Putting __ISB() / __DSB() anywhere in or around the main loop seems to make the problem go away. I suspect this is to do with optimisation of functions that contain assembler, rather than the normal effect of these operands.
In fact, various ridiculously trivial code changes in all sorts of places make the problem go away.

Right now I'm at the point where I've spent a couple of days going round in circles, and I'm at the point of just turning off the data cache and taking the performance hit. I just wish I could find what it is that initiates an unwanted QSPI transaction, then at least I'd have something to work back from.
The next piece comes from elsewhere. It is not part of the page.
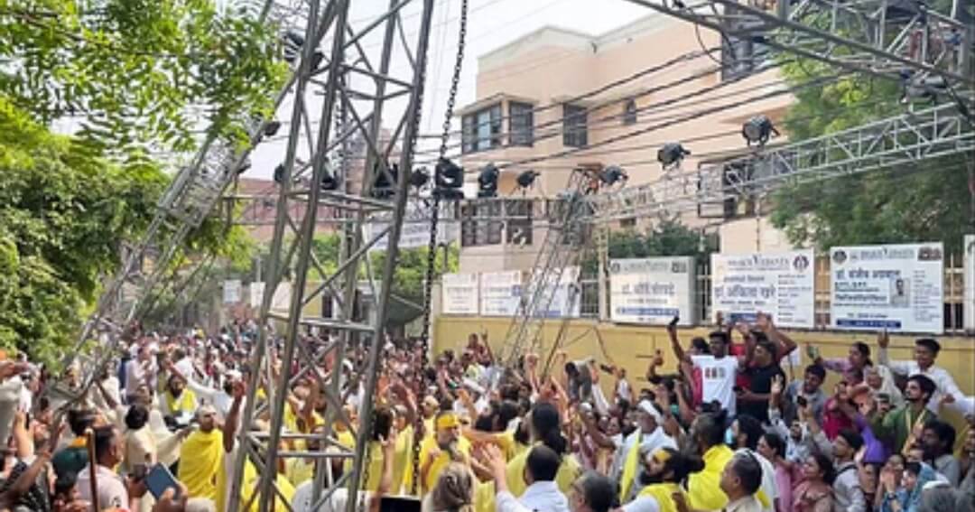 मथुरा। वृंदावन के रमणरेती क्षेत्र स्थित अपने आश्रम श्रीराधा केलिकुंज से श्रीकृष्ण शरणम स्थित निवास पर जाने के दौरान बुधवार सुबह साढ़े नौ बजे संत प्रेमानंद महाराज बाल-बाल बच गए। परिक्रमा मार्ग में लाइट के लिए लगे एंगल के फ्रेम संत प्रेमानंद महाराज के निकलने के दौरान अचानक झुक गए। इससे खलबली मच गई। हालांकि, वह एंगल झुक कर रह गए, गिरे नहीं। बुधवार सुबह संत प्रेमानंद महाराज रमणरेती स्थित अपने श्रीराधाकेलि कुंज आश्रम से चलकर निवास स्थान की ओर भक्तों के साथ पैदल जा रहे थे। तभी आश्रम से कुछ ही दूरी पर लाइट के लिए लगाए गए एंगल फ्रेम उनके वहां से निकलने के दौरान गिरने को हुआ, लेकिन वह झुक कर रह गया। संत के साथ चल रहे भक्तजनों में एंगल फ्रेम को देख खलबली मच गई और जल्द ही संत का बचाव करते हुए आगे की ओर बढ़े। गनीमत यह रही कि लोहे के एंगलों से बना लाइट फ्रेम गिरा नहीं। इस घटना की वीडियो वहां मौजूद सैकड़ों भक्तों ने बनाया, जो कि सोशल मीडिया पर तेजी से वायरल हो रहा है। चौकी प्रभारी रमणरेती लोकेंद्र ने बताया कि भीड़ के कारण फ्रेम झुक गया था, उसे संभाल लिया गया।

Christensen.Tyler · ‎2018-07-25

Were you able to figure this out? I'm having similar issues where an unrelated interrupt causes the QuadSPI peripheral to activate and clock in an extra byte into the FIFO which messes up the next reception. I've spent days trying to figure out precisely what does it and it's just not clear why this is happening. In my case it's very hard to debug because if I change just about anything, even adding a NOP in a lot of places, the problem goes away, so I really have to just explain root cause directly.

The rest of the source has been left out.